The existing evidence for the bioaccumulation of decaBDE does not support a conclusion of "bioaccumulative" as defined in the current Persistence and Bioaccumulation Regulations under CEPA 1999. There is no measured or experimental evidence considered to support a conclusion that decaBDE, as the parent compound, has a significant potential to bioaccumulate or biomagnify in the environment. The metabolism-corrected, model-predicted aquatic BAFs range from below the 5000 criterion to well above 5000, demonstrating the uncertainty associated with metabolism potential for decaBDE in fish. Although less relevant than BAF or BMF, experimental BCF measures are below the 5000 criterion. Nevertheless, the substance is shown to be accumulating at rapid rates to high levels in some wildlife species. decaBDE (i.e., BDE209) is also considered to be contributing to the bioaccumulation potential of total PBDEs as a result of metabolism to lower brominated forms (to be discussed later in this report).

^[1] BMF = aF/k_d where α is the absorption efficiency, F is the feeding rate on a lipid basis and kd is the total elimination rate constant
^[2] The disparity between the n of samples and the n of analysis is explained by the fact that only the samples in which the congener was detected are reported.

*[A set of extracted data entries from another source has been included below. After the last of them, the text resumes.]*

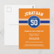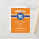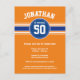 Listras azuis reais e um fundo laranja destacam este convite de festa de aniversário temático esportivo. O design inclui um design de camiseta esportiva com uma área para destacar o nome e a idade do aniversariante.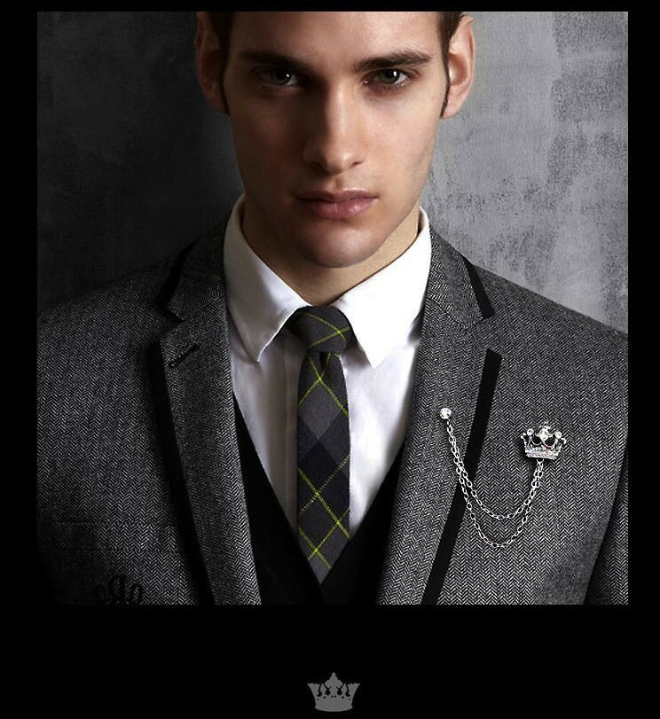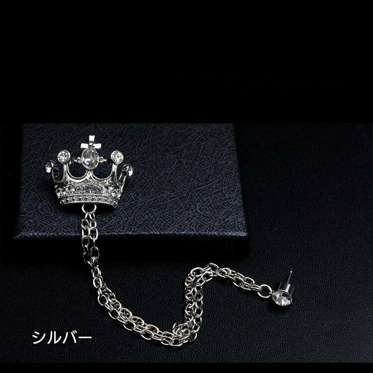 2カラー シルバー ゴールド 王冠 クラウン W チェーン 男女兼用ジュエリー アクセサリー メンズジュエリー ラペルピン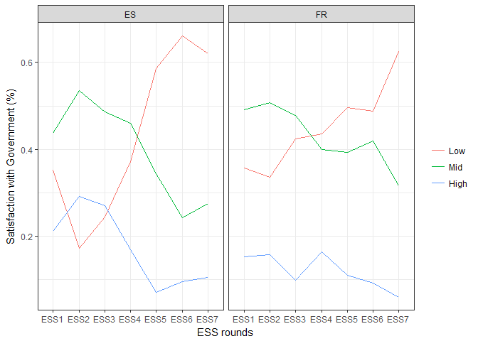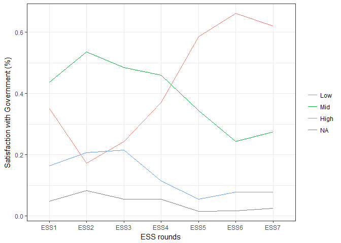 labs(x = "ESS rounds", y = "Satisfaction with Government (%)") +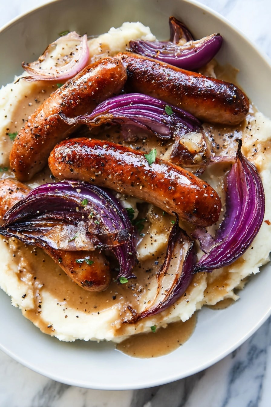 Each ingredient plays a key role in bringing this dish together. The onion’s natural sweetness shines through with a hint of balsamic tang, while the sausages provide savory depth that balances the creamy mashed potatoes. I recommend choosing high-quality pork sausages for the best flavor and texture.
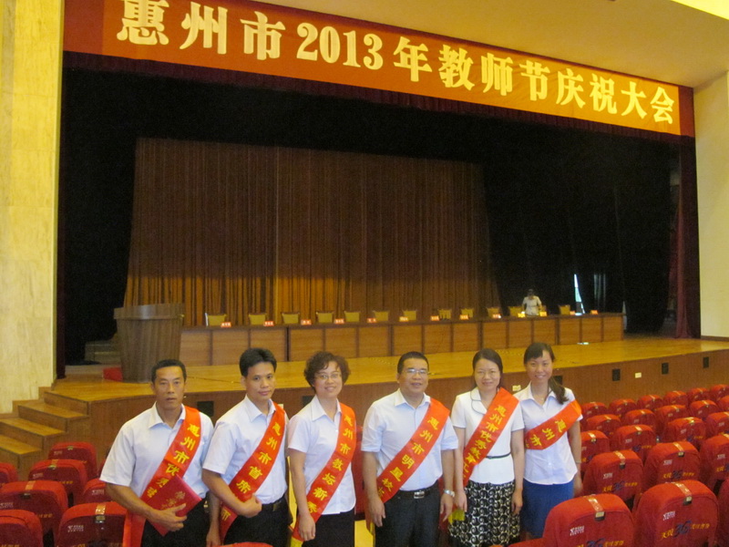 在日前惠州市委市政府隆重召开的2013年教师节庆祝大会上,惠州市电大校长、党委书记吴汉朋同志被评为“惠州市明星校长”,是全市今年唯一获此殊荣的校长,学校范慧新、黄叶泉等6位同志分别被授予“优秀教育工作者”、“首席教师”等荣誉称号。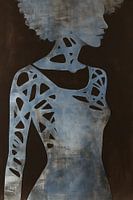 Industriële Vrouw - Dit vrouwen schilderij toont een elegante, industrieel aandoende vrouwelijke figuur met een abstract patroon van uitsnijdingen, van wie de aanwezigheid wordt versterkt door haar contrastrijke, blauwe en roestbruine tinten op een donkere achtergrond.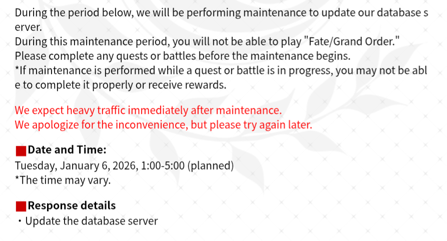 >We expect heavy traffic immediately after maintenance.>We apologize for the inconvenience, but please try again later.I guess there are some updatesOtherwise what would be "heavy traffic" for? Database is server side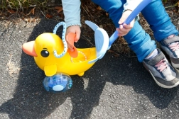 - Leuke rit: transparante wieltjes met speelse kraaltjes.

^[3] Note that this is the corrected value published in Law et al. (2007).
^[4] The authors used the term "BCF"; however, given that this value was based on a comparison between rat tissue and food concentrations, it is actually analogous to a BMF.
^[5] Studies cited here are considered by Environment Canada to provide uncertain evidence for decaBDE to bioaccumulate or biomagnify in the environment.
^[6] Studies cited here indicate that decaBDE does not have the potential to bioaccumulate or biomagnify in the environment; these studies include both reliable and less certain evidence.